◆ **About this task**: Please repeat, exactly as written, every line from the one containing "Zhejiang Stomatology Hospital" through the last line of the records, both included, and leave out any pictures.

[[ Record set open ]]

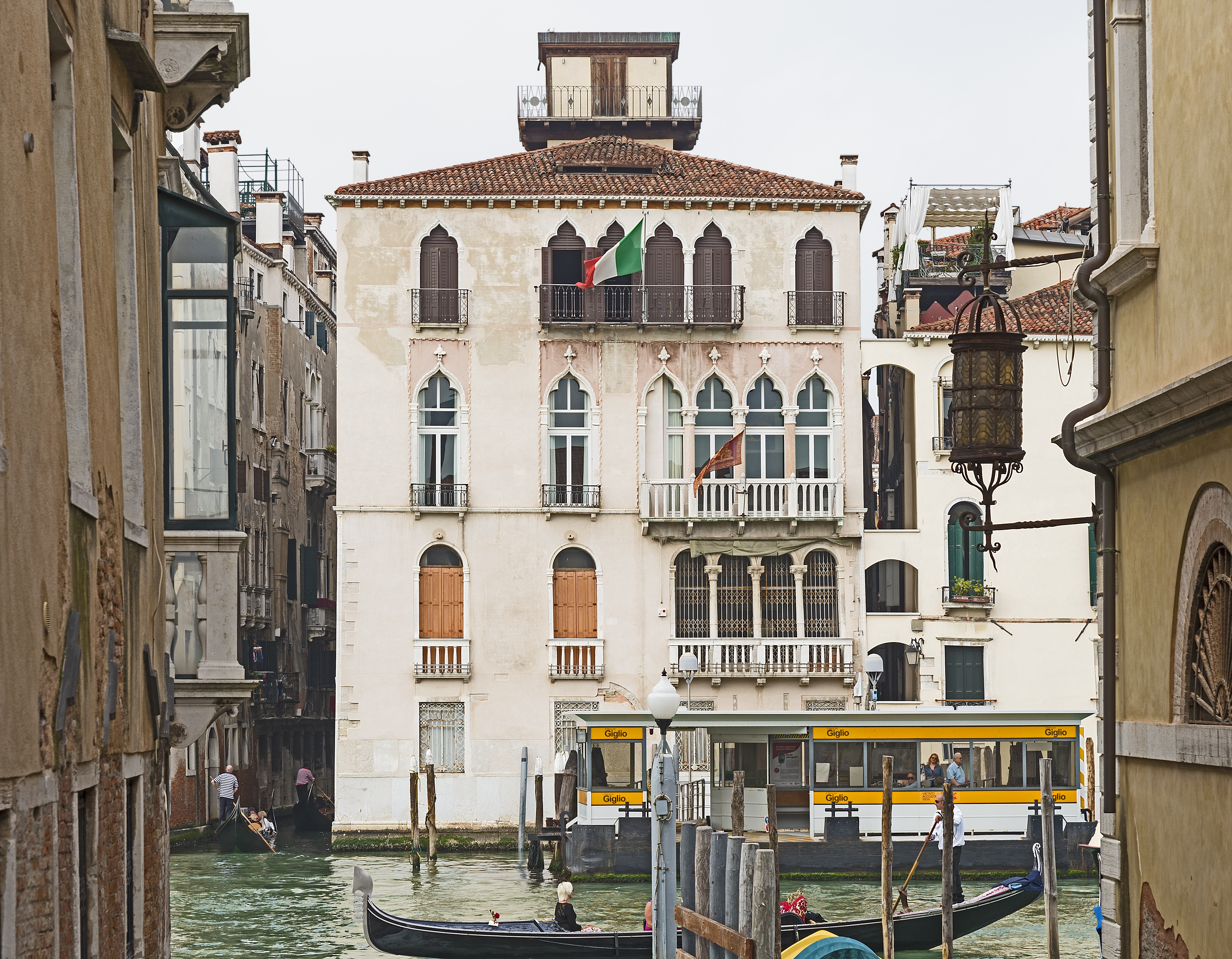 Palace Marin Contarini Venice. Facade on Grand Canal.
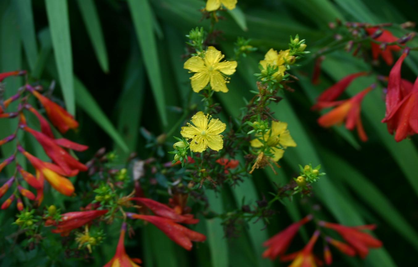 Hypericum perforatum: Flowers Hypericum perforatum
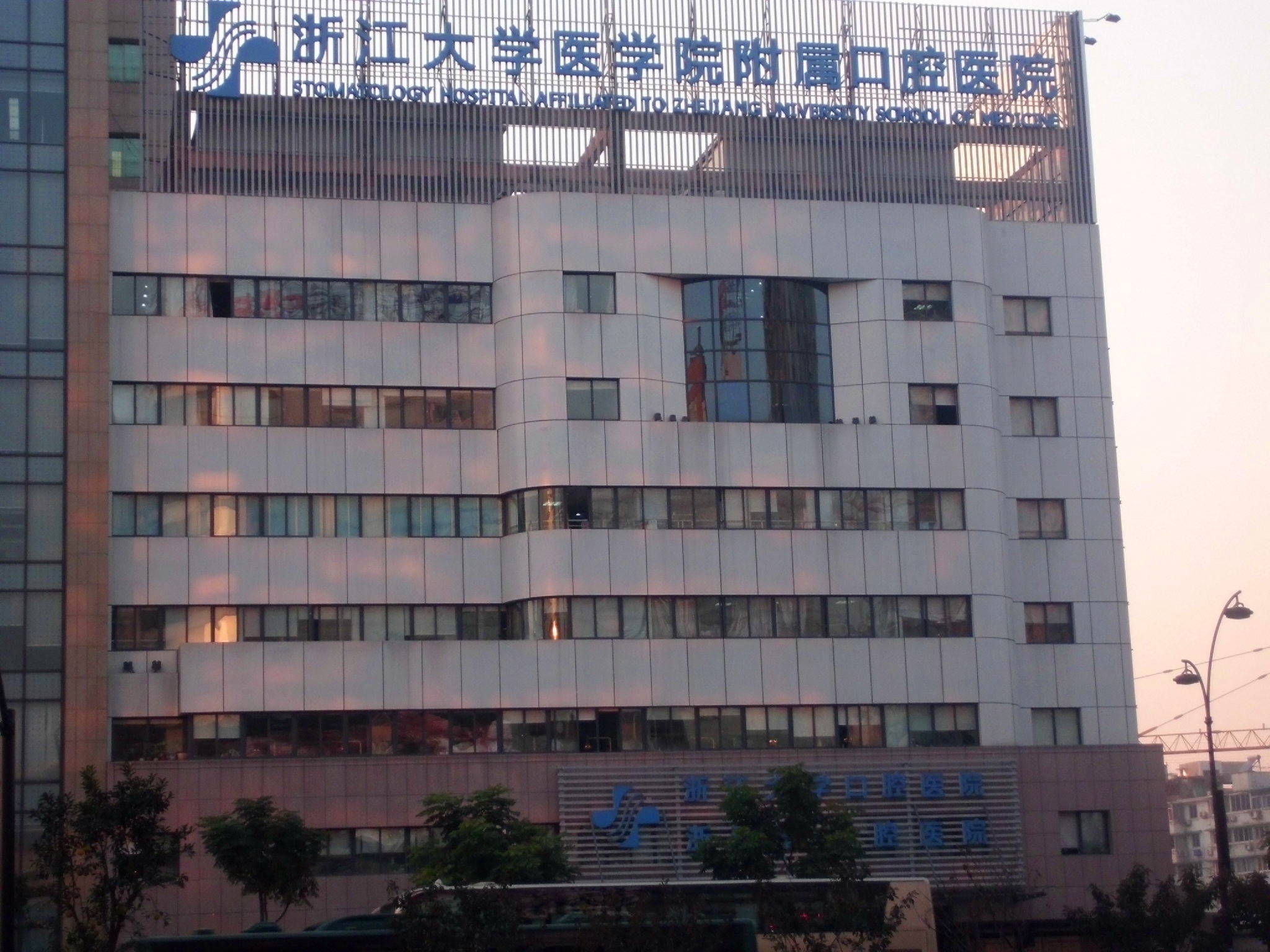 Zhejiang Stomatology Hospital
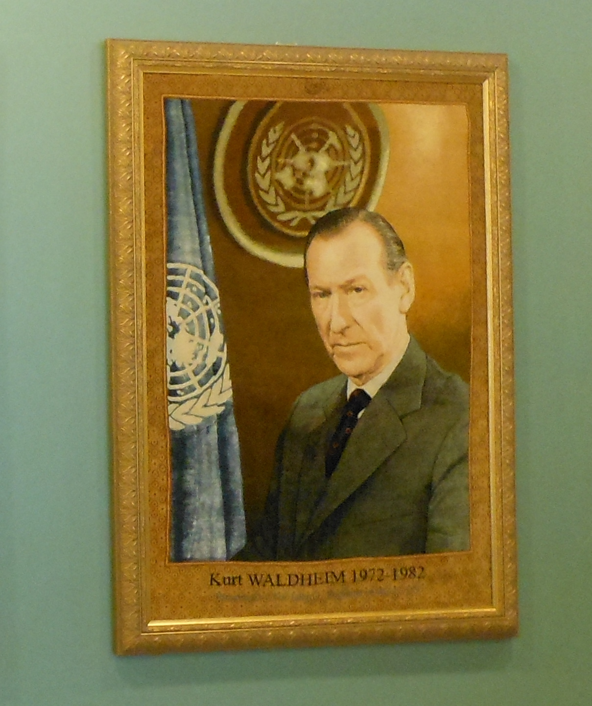 Kurt Waldheim Portrait made of silk carpet at the UN headquarters
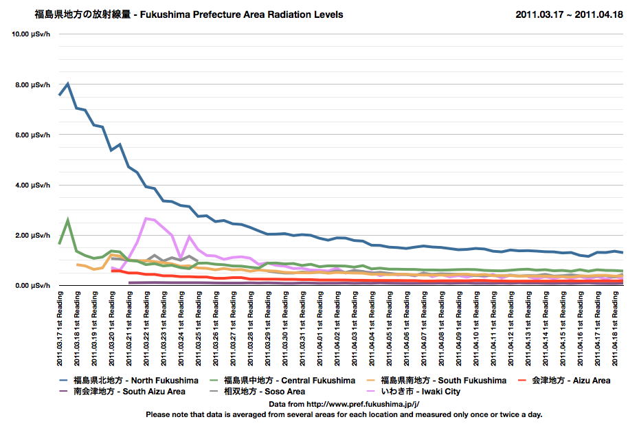 Fukushima Prefecture radiation levels from March 17 to April 18, 2011

[[ Record set closed ]]

◆ **Expected output**:
 Zhejiang Stomatology Hospital
 Kurt Waldheim Portrait made of silk carpet at the UN headquarters
 Fukushima Prefecture radiation levels from March 17 to April 18, 2011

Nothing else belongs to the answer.